- [Supplied information]
>>>>

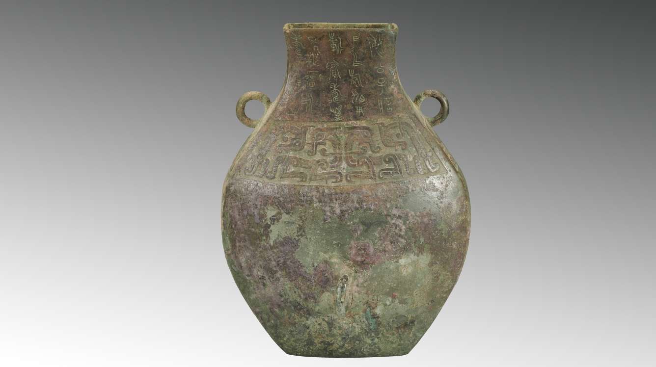 通高28.5厘米,宽22厘米。1978年闻喜县上郭村出土。盛水或盛酒器。自铭为瓶,扁平椭圆形,肩部饰卷曲相对的夔纹。颈部铸铭文5行20字:“陈公子信父作旅瓶,用祈眉寿,万年无疆,永寿用之”。西周时期陈国器。陈国铜器存世极少。
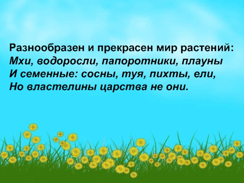 Разнообразен и прекрасен мир растений:Мхи, водоросли, папоротники, плауныИ семенные: сосны, туя, пихты, ели,Но властелины царства не они.
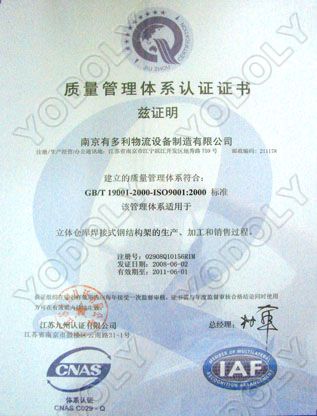 | 持证单位: 南京有多利物流设备制造有限公司 |
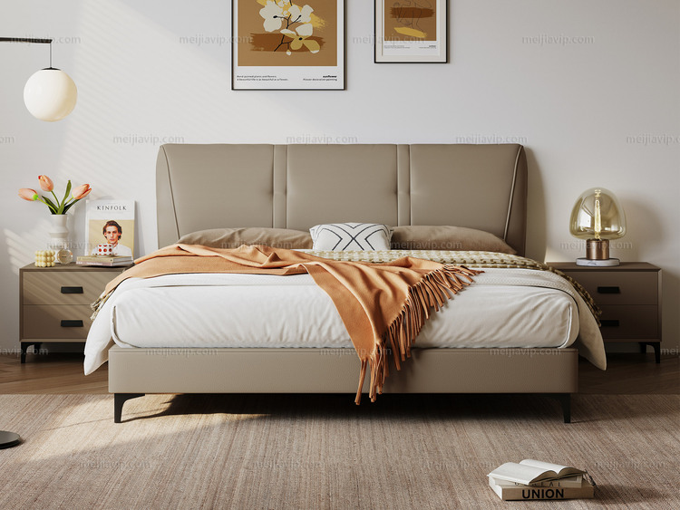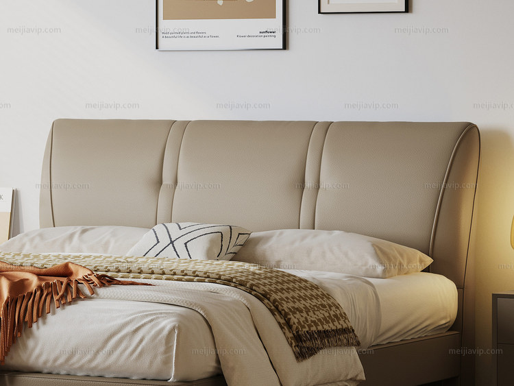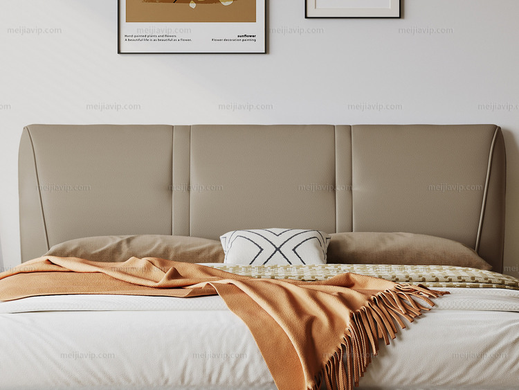 【949】歌迪 极简风格 亲肤细腻仿真皮 优雅流畅拉线工艺人体工学倾角 一体式宽大曲面软靠 饱满柔弹倚靠舒适沉浸式释压体验 橙棕色 1.82.0米床(搭配10公分松木排骨架)

<<<<

- [Assigned task]
When copying the data above, repeat every word exactly and drop the pictures.

- [Solution to this problem]
 通高28.5厘米,宽22厘米。1978年闻喜县上郭村出土。盛水或盛酒器。自铭为瓶,扁平椭圆形,肩部饰卷曲相对的夔纹。颈部铸铭文5行20字:“陈公子信父作旅瓶,用祈眉寿,万年无疆,永寿用之”。西周时期陈国器。陈国铜器存世极少。
 Разнообразен и прекрасен мир растений:Мхи, водоросли, папоротники, плауныИ семенные: сосны, туя, пихты, ели,Но властелины царства не они.
 | 持证单位: 南京有多利物流设备制造有限公司 |
 【949】歌迪 极简风格 亲肤细腻仿真皮 优雅流畅拉线工艺人体工学倾角 一体式宽大曲面软靠 饱满柔弹倚靠舒适沉浸式释压体验 橙棕色 1.82.0米床(搭配10公分松木排骨架)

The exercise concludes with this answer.